Imagining the Educational Futures for Black Children in California

This report centers Black families’ aspirations for their children’s education. It describes schools that affirm identity, cultivate curiosity and dignity, and expand students’ sense of what is possible.

This report captures recent data collected from Black parents navigating their children’s educational experiences in public, charter, private, and independent school settings in California. Our aim is to provide policymakers and education leaders with insight regarding how Black parents define education and envision their children’s educational futures. Data and learnings herein are drawn from two research initiatives: (1) the Black Parent Survey Project, an initiative of the Transformative Justice in Education Center at the University of California, Davis (PI: Lawrence T. Winn); and (2) the Educational Futures of Black Children in California Study, an ongoing collaboration between the Stanford Accelerator for Learning’s Equity in Learning Initiative, Futuring for Equity Lab at the Graduate School of Education at Stanford University (PI: Maisha T. Winn).

Through focus group interviews with families who participated in the Black Parent Survey Project and data collected from a series of Educational Futures for Black Children foresight workshops with Black families in Northern California, we explored the following questions:

  1. How do Black parents conceptualize education? How do their definitions and conceptualizations of education map onto experiences with their children’s schools and educators? 
  2. What kinds of educational futures are Black families dreaming about? What can educators and policymakers learn from these families to expand and inform their ideas for schools and education in California?

Additional questions beyond the scope of this report included: What do parents of African American children in California want for their children’s education? How do they imagine and envision their children’s educational futures? 

Context

Black children’s educational futures are under increasing threat due to a range of national developments, including calls to dismantle the U.S. Department of Education, the rising cost of college, school closures in urban communities, a deepening shortage of qualified teachers, inequitable access to technology and AI-driven learning, and efforts to eliminate diversity initiatives, culturally responsive teaching, and affirmative action at all levels of education.

In California, the landscape for Black families has shifted significantly since 2000. According to the State of Black California, in 2020 Black residents numbered 2,119,286 out of the state’s 37.7 million people. While the statewide percentage declined from 6.6% in 2000 to 5.6% in 2020, Black populations grew in the Inland Empire and Sacramento, reflecting the emergence of new centers of community life. At the same time, gentrification and rising housing costs have displaced many Black families from historic urban neighborhoods, reshaping the state’s cultural and educational landscape and altering access to community-rooted schools and support systems.

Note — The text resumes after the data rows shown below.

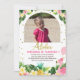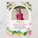 Guld Aloha Blommigt Flamingo Arch Photo 1st Birthd Inbjudningar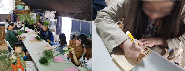 조금 더 가까워진 좋은 이웃과 짝꿍 아동은 파피루스를 흔들며 장난도 치고, 조심스레 얇게 자르며 어떤 종이가 만들어 지는지 반짝반짝 반짝이는 눈으로 기다려봅니다. 만들어 놓은 파피루스 종이 위에 상형문자로 집중하며 자신의 이름을 작성 후 동그란 테두리를 두르고는 멋쩍은 웃음 지으며 함께 활동을 합니다.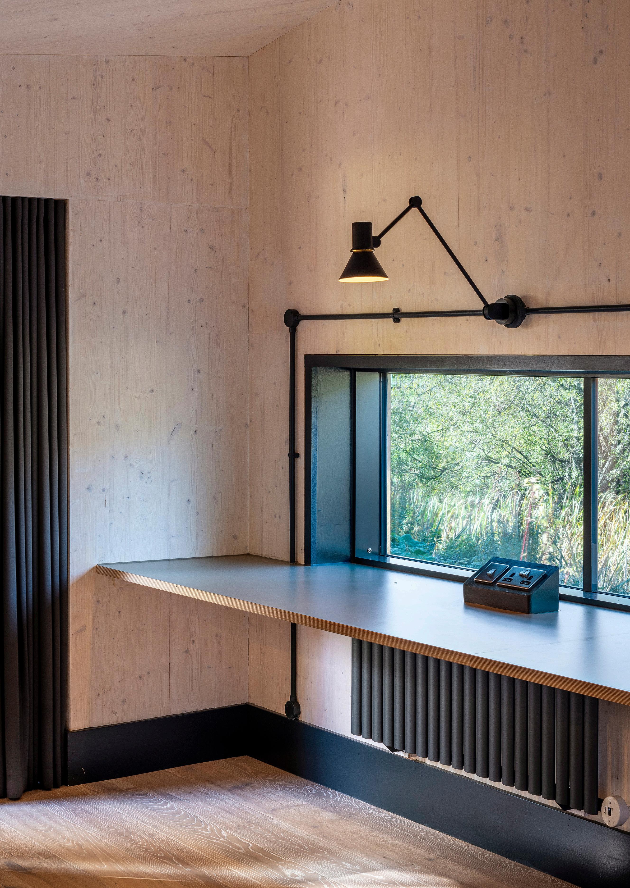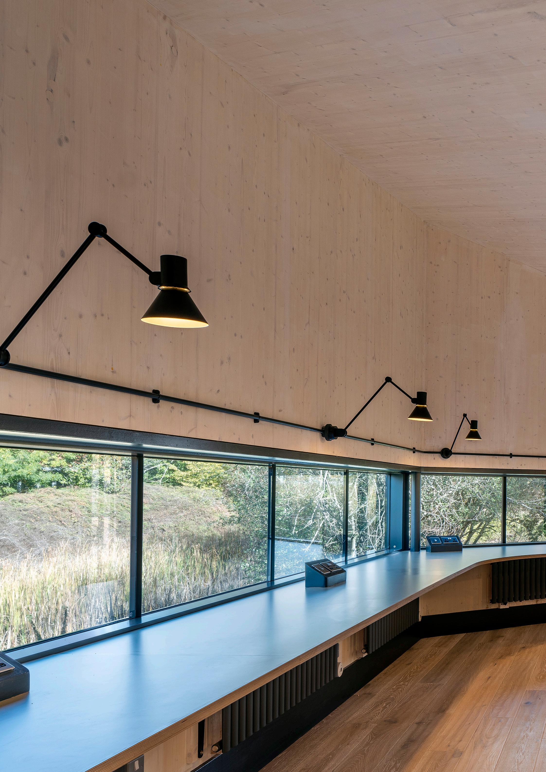 To reduce the impact on the ecology of the site the structure of the Hides will touch the ground very lightly in localised areas, with no major excavation or earthworks, and there will be no hard paved paths or vehicle access. The pavilions have been constructed offsite using cross-laminated timber (CLT) to reduce the impact on the ecology of the site.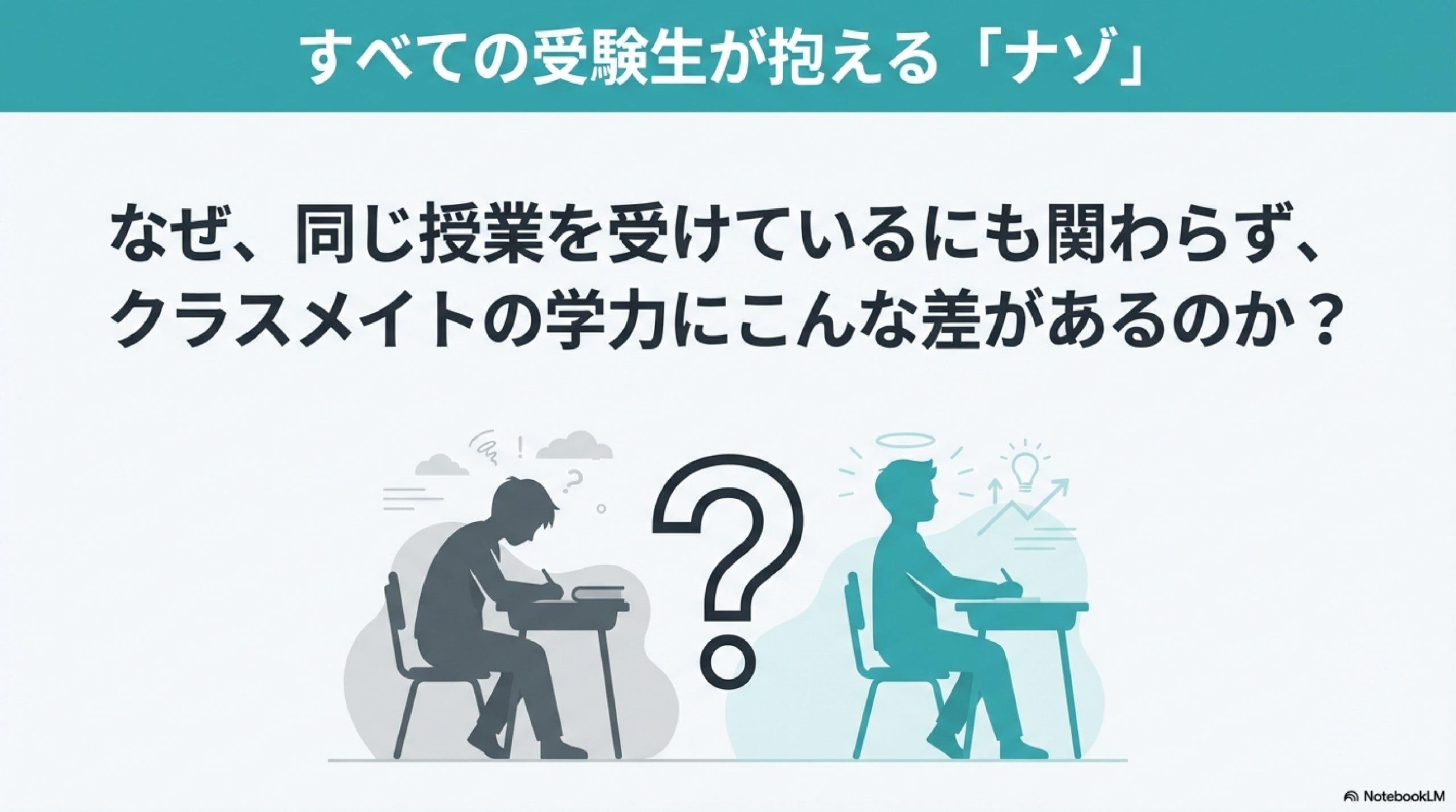このブログの中で何度か話してきたことですが、私は高校生の頃から「なぜ同じ授業を受けているにも関わらず、クラスメイトの学力にこんな差があるのか」と疑問に思っていました。
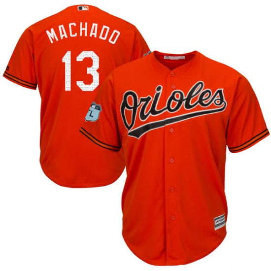 Home>MLB>Baltimore Orioles>Manny Machado>Youth Majestic Baltimore Orioles #13 Manny Machado Authentic Orange 2017 Spring Training Cool Base MLB Jersey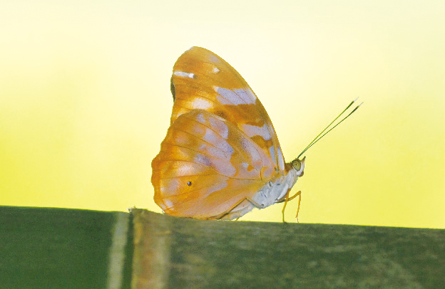 突然,一只黄色蝴蝶从路边的灌木上蹿起,在前方更高的灌木上停住了,我有点激动地停下脚步,它蹿起的瞬间,我看见了它前翅的橙黄色条斑——这是爻蛱蝶啊,野外极难见到的。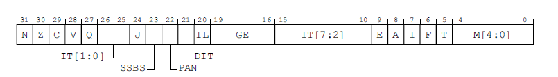 SPSR 을 자세히 보면 아래의 구조로 되어있다. 간단히 아래 의 역활을 하며, 자세한 내용은 스펙문서를 참고하면 된다.

Despite these demographic shifts and move to more affordable and safer communities, Black students continue to face persistent inequities in schooling. Research shows disproportionately high suspension rates compared to their white peers, a pattern documented in Beyond Suspension Decline, a five-year qualitative study examining efforts across California to move away from punitive and exclusionary discipline. Additional data underscore ongoing disparities:

  • Black students are suspended at notably higher rates than their peers, with the highest suspension rates in Sacramento County, Contra Costa County, and Los Angeles County (Wood et al., 2018).
  • Black teachers comprise less than 3% of California’s teaching workforce (California Department of Education; National Center for Education Statistics, 2023).
  • Enrollment of Black students in California public schools declined by 47% from 2003 to 2023 (Whitaker & Nelson, 2024).

In 2024, UCLA’s Ralph J. Bunche Center for African American Studies published The State of Black California: Assessing 20 Years of Black Progress in the Golden State, for the California Black Legislative Caucus, showing that Black students have made progress in meeting eligibility requirements for the California State University and University of California systems, with increased completion of the required coursework. Even so, at this pace it will take approximately 248 years to close the racial equality gap between Black and White communities.

Parents and their children are mobilizing to ensure that Black students’ educational futures are neither overlooked nor marginalized. Across California, families are organizing and partnering with community-based advocacy groups such as the Sacramento Black Parallel School Board, Parents of African American Children in Contra Costa County, the African American Parent Advisory Council in San Francisco, and Families in Action in Oakland. In Southern California there is CADRE in South L.A. schools; the Black Parent Network in L.A county; the Council of African American Parents (CAAP); Parents for Liberation, and BlackECE. These parents and students demand equitable resources, culturally affirming learning environments, and accountability for improved educational outcomes.